Salar de Atacama
"The Salar doesn't care about your sense of scale. It will break it, and not apologize."
I walked onto the Salar de Atacama and immediately lost the ability to judge distance. There is nothing to triangulate against — no trees, no landmarks, no variation in height, just the white plain running out in all directions until it meets the base of the Andes in a clean, almost architectural line. The mountains look closer than they are. Everything looks closer than it is, and then farther, and the mind keeps recalculating. I stood there for a while just trying to decide where the horizon was.
The surface is not smooth, which surprises people who have seen photographs. The salt has organized itself into a mosaic of hexagonal polygons, separated by raised ridges, each polygon slightly cupped in the center. When you walk across them, they ring hollow underfoot — there are brine channels and cavities below. In places near the edge of the flat, the salt has built up into rough white towers, some knee-height, crusted with crystals that catch the light at odd angles. The whole flat smells faintly of something mineral and clean, the smell of extreme dryness, of water that has been gone from a place for a very long time and left its mineral signature behind.

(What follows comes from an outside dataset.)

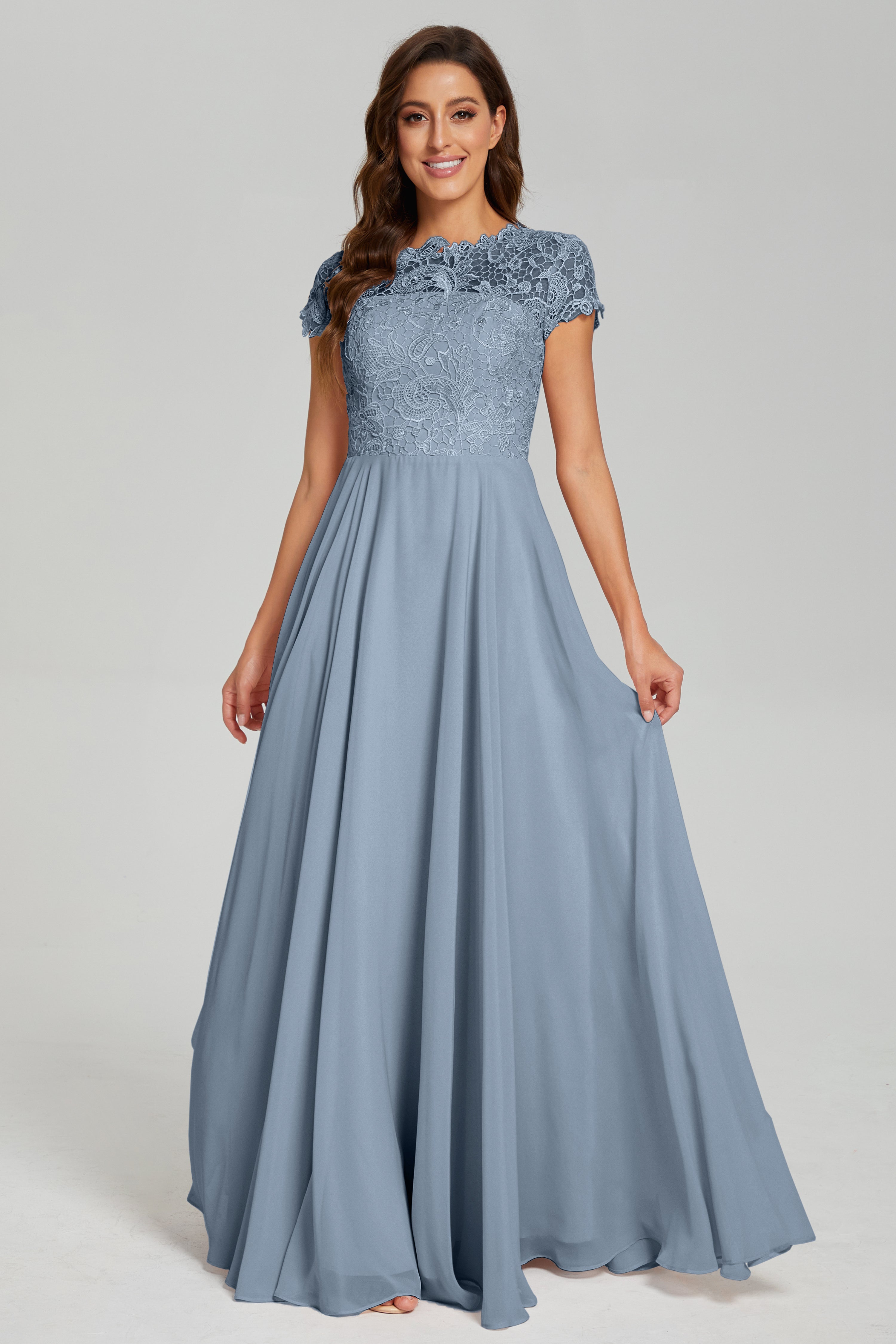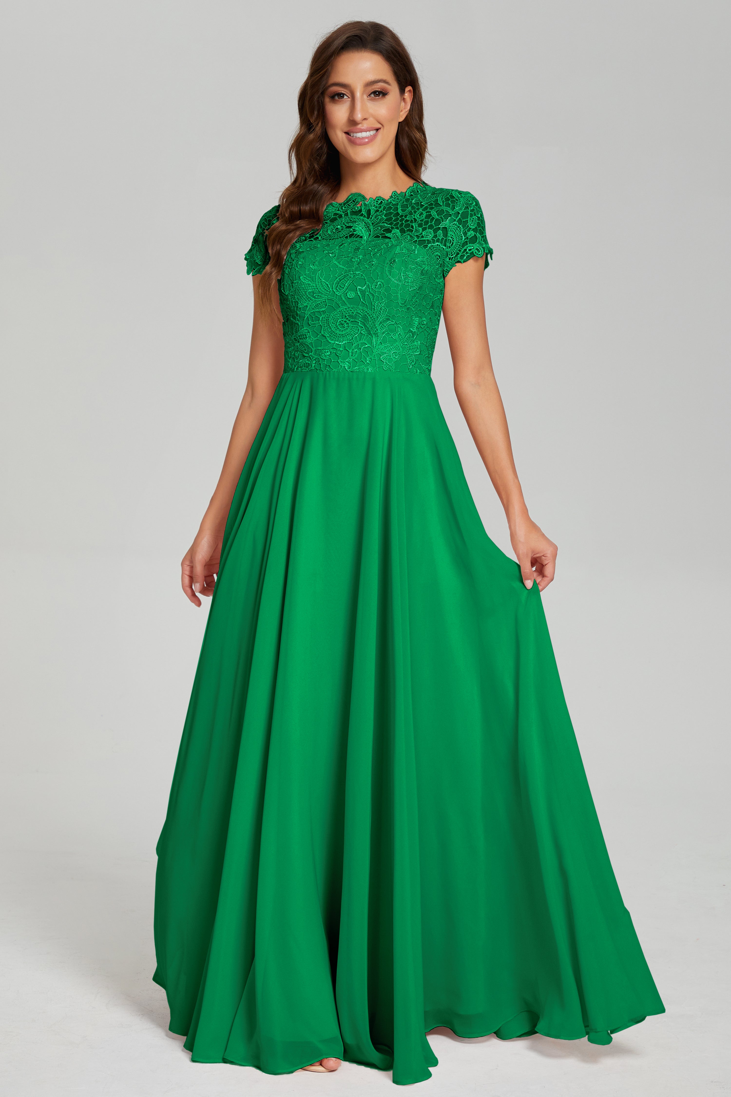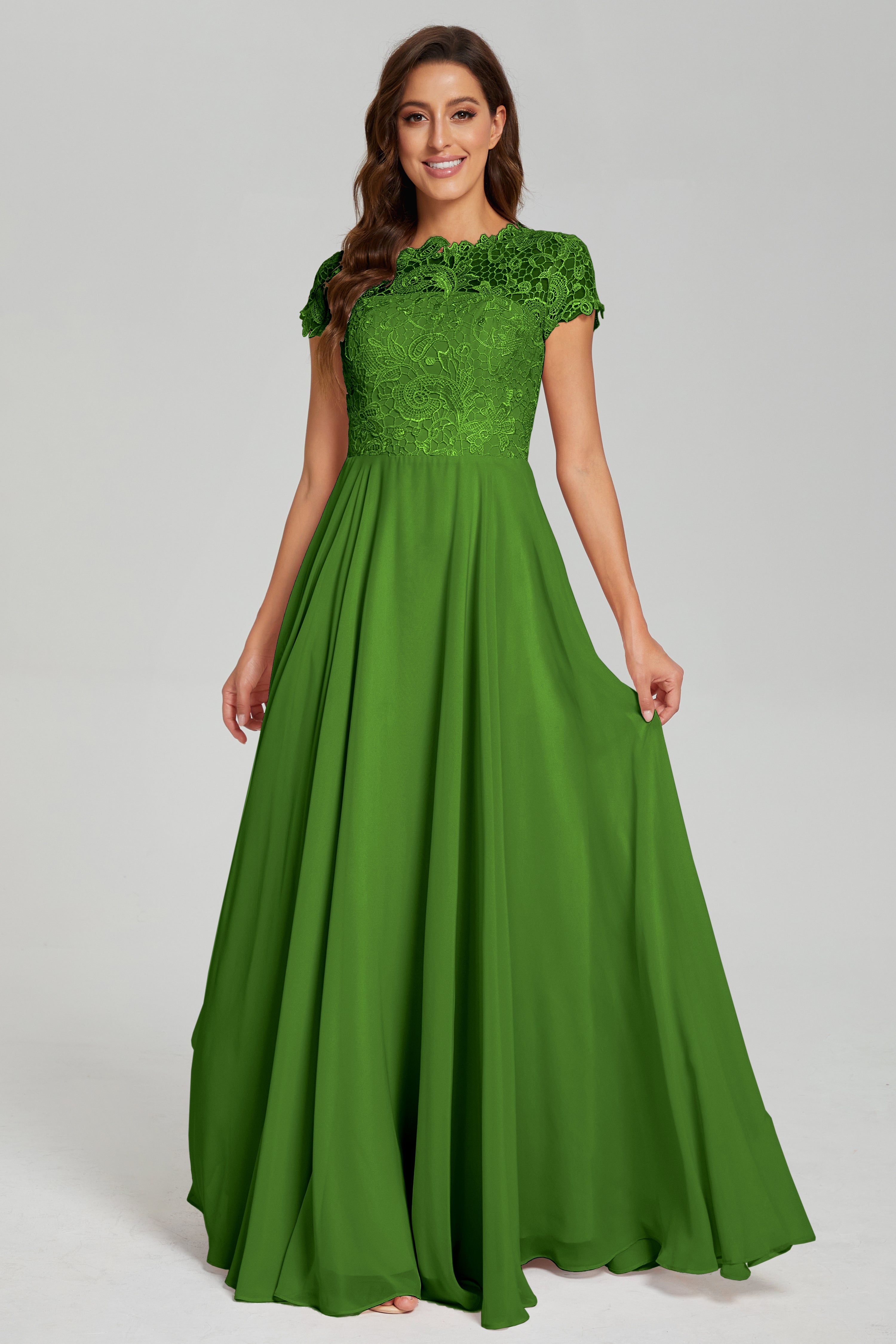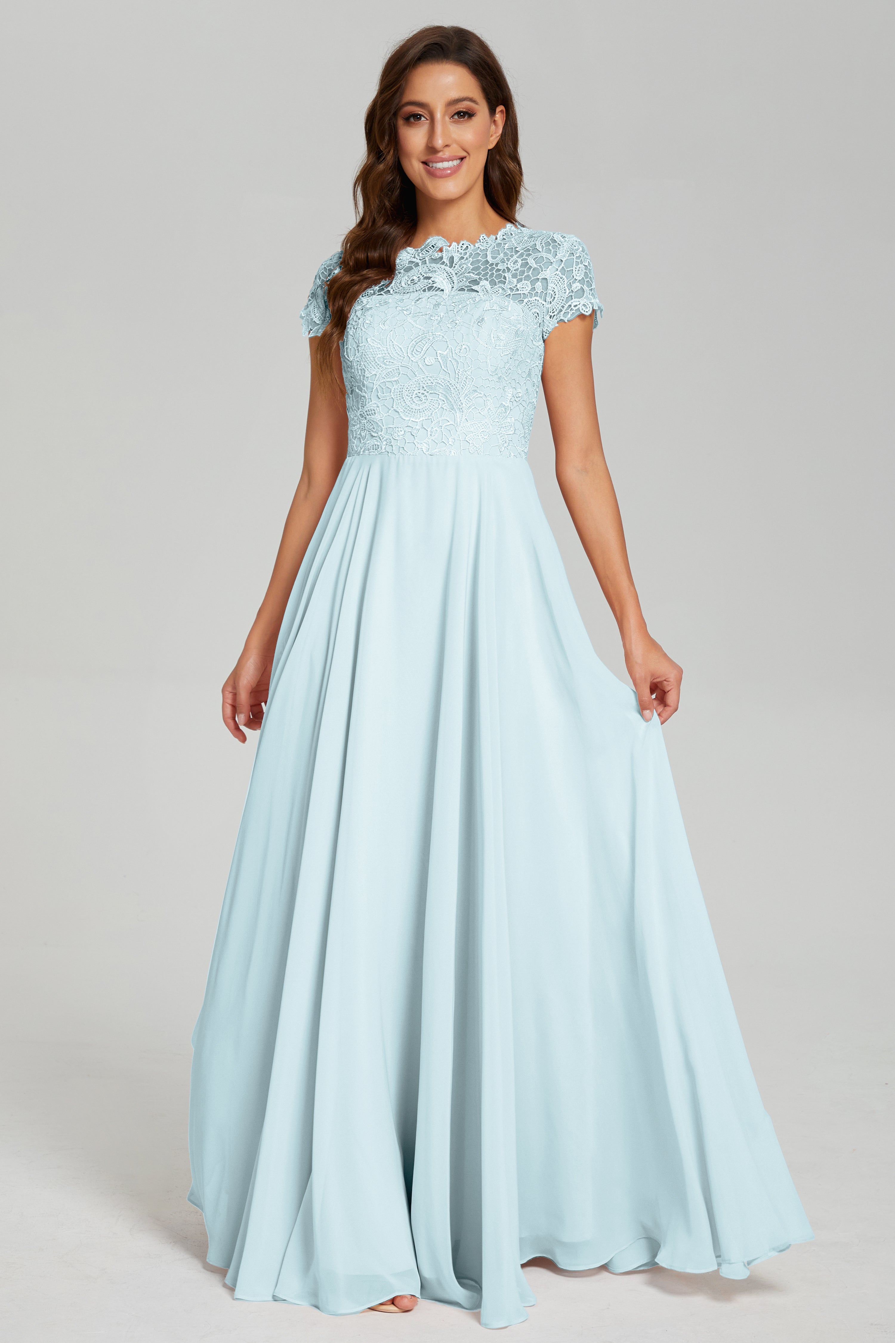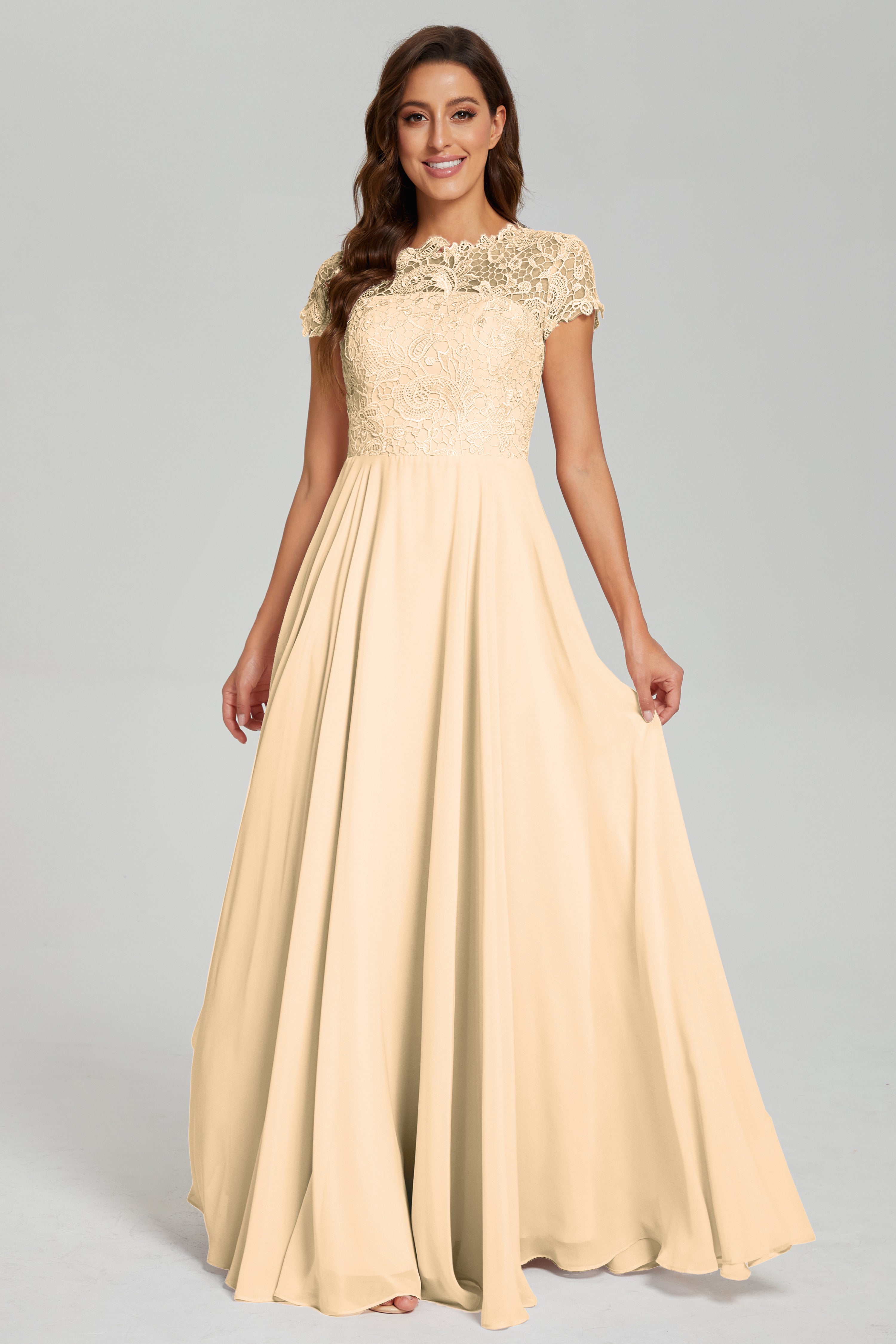 Short Sleeves Chiffon Lace Prom Dresses with Pockets

What the photographs don’t tell you is that the Salar de Atacama sits atop one of the world’s largest lithium reserves, and the industrial extraction happening at its edges has become a fault line in Chilean politics. The lakes that feed the Salar’s brine — Laguna Miscanti, Laguna Miñiques, a dozen smaller pools — are connected to the salt flat through underground channels, and the pumping of brine for lithium extraction has begun to affect water levels. You can see the processing facilities from certain viewpoints: white chemical ponds in the distance, gleaming among the natural white of the salt. It is unsettling in a specific way, watching industry that looks almost indistinguishable from the landscape it is consuming.
But that complexity is also what makes the Salar honest as a destination. It is not just beautiful, it is contested. It sits at the intersection of geology and economics, of indigenous water rights and global battery supply chains. Standing on that flat white plain, you are standing on the future of electric cars and renewable energy, whether that registers with you or not. The man who drove me out here told me his grandfather had walked across this flat on foot in the 1950s. His grandfather’s community now meets with mining lawyers twice a year.

At the northern edge of the Salar, near the outflow channels, you can find sections of flat water in the morning that mirror the sky perfectly. Not as deep or dramatic as the Bolivian Uyuni, but intimate and beautiful in their own right — the mountains doubled below the horizon, flamingos walking through their own reflections, the whole scene composed with a stillness that feels provisional, like it could dissolve at any moment.
When to go: Any dry season month — March through May and September through November are ideal. In summer, the rains can turn edge sections to mud. Midday is harsh under open sky; morning and late afternoon are when the mirror effects and the low-angle light are best.